Design system work throughput

Design system work involves lots of people. How do you measure your team’s productivity in this chaos?

As you begin measuring the design system team’s productivity, typical velocity and throughput measurements no longer work the way they do for a product team. Growing a design system by inbound contributions is a great way to leverage the rest of the organization while keeping the core team small, but if you continue treating the usual metrics without adjusting to the “system” part, you might end up often being disappointed.

That’s because you neither control nor can confidently predict what’s gonna happen next in the contribution pipeline. One day, you have three fully baked requests with implementation that’ll perfectly fit the system, waiting there for just an approval. The other day, crickets. Next week, you get twenty bug reports about seven different tokens and components. It’s hard to plan ahead.

You go a level higher, and it is the beginning of the first quarter.
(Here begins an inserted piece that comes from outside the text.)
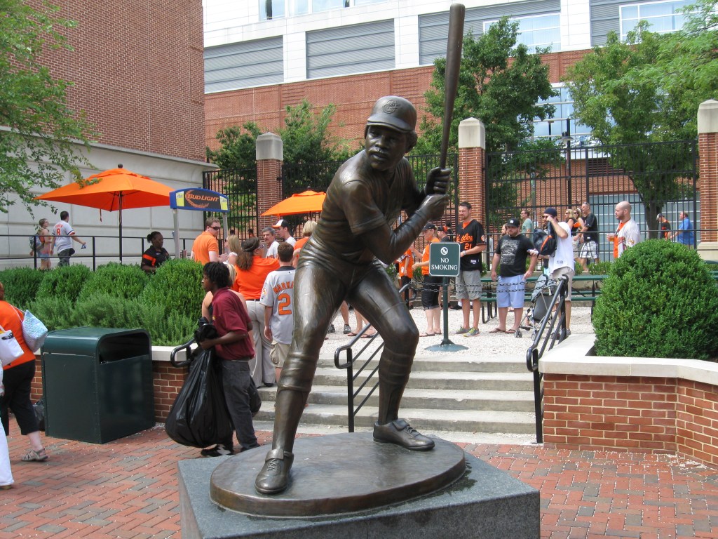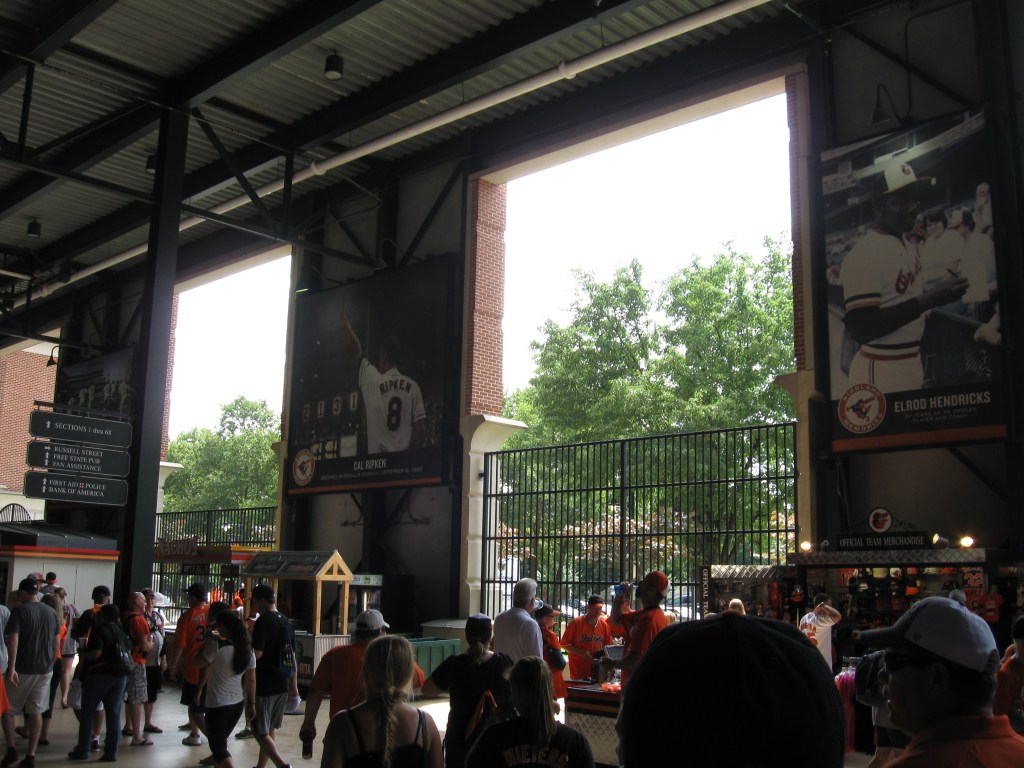 On the approach to the ballpark from the south, there is a tribute to the city’s veterans and a salute to Memorial Stadium on the side of the walkway. Designed in the same font as the front inscription at the old stadium is a display in a half circle that says “Time will not dim the glory of their deeds”…..Last season, the team went back to the cartoon-like Oriole as their main logo, as opposed to the O’s that used to grace their cap……Cal Ripken is undoubtedly the face of the franchise. His family (which includes Dad and Brother that also have roots with the team) is from nearby Aberdeen and one of MLB’s greatest moments occurred on September 6, 1995, when he broke Lou Gehrig’s consecutive games played streak. The Iron Man should not just be remembered for that as he was also one of the team’s greatest players……I often wondered why the ballpark is not just called “Camden Yards”. Oriole Park is attached to the beginning because many of the past fields the team has played in used that name. Their was an argument between two high-ranking people about the name and they compromised by going with both……So why are they known as the Orioles? It is the official state bird of Maryland…..Wild Bill Hagy is part of Orioles lore as he was a superfan and fixture at Memorial Stadium for the better part of three decades…..Speaking of great fans, I have to give it up to Sheila, the usher for our Section 352. She would come down to clap and dance between each inning, was extremely nice and genuinely just had a good time while doing her job…..There are two orange seats amongst the green ones in the outfield. They represent the locations of Eddie Murray’s 500th Home Run and Cal Ripken’s 278th, which broke the record for a shortstop.

Teams make their asks in a very clear way, dependency management is all the way in, overall plan makes sense. And yet, by mid-February, one-off requests and last-minute changes start coming your way. Your team starts digging deeper with curiosity and diligence, and while they’re doing what’s right for the design system, the rest of the org is watching impatiently. “We only need use case X to work, it doesn’t seem that hard”, casually comments a product manager. “Do you need to hire more people?”, your boss asks with an empathetic smile. “We should be more agile and do things iteratively!”, says an engineer whose pull-request just got 23 new comments on functionality changes and test coverage.

And you want this information, but you want less of it over time. Which would mean the design system team is improving the processes, and the rest of the organization learns to consider second-order effects of decisions that go into Figma or code that all other teams depend on.

Two things you can do, continuously, to achieve that are a) educate the people, so they reconcile what they expect from the design system with what’s important for the design system itself, and b) adjust (and occasionally reinvent) the architecture of the design system, what parts are independent vs. interdependent, so that iterating on, say, individual tokens or components is safe and encouraged.

After that, what do you do with throughput?

Measure two things:

  • the design system team’s own throughput for things that are fully isolated from the org, where the team is instrumental of calling all the shots
  • and then the full-line throughput, starting from the time someone from a product team sent a request and down to the point in time when the request was fulfilled.

Improving the former feels like the team as a whole is on track towards mastery. And improving the latter is going to help with adoption and usage of the design system that your team is working on. Make time to balance the two and find a proportion that works best for your team and organization.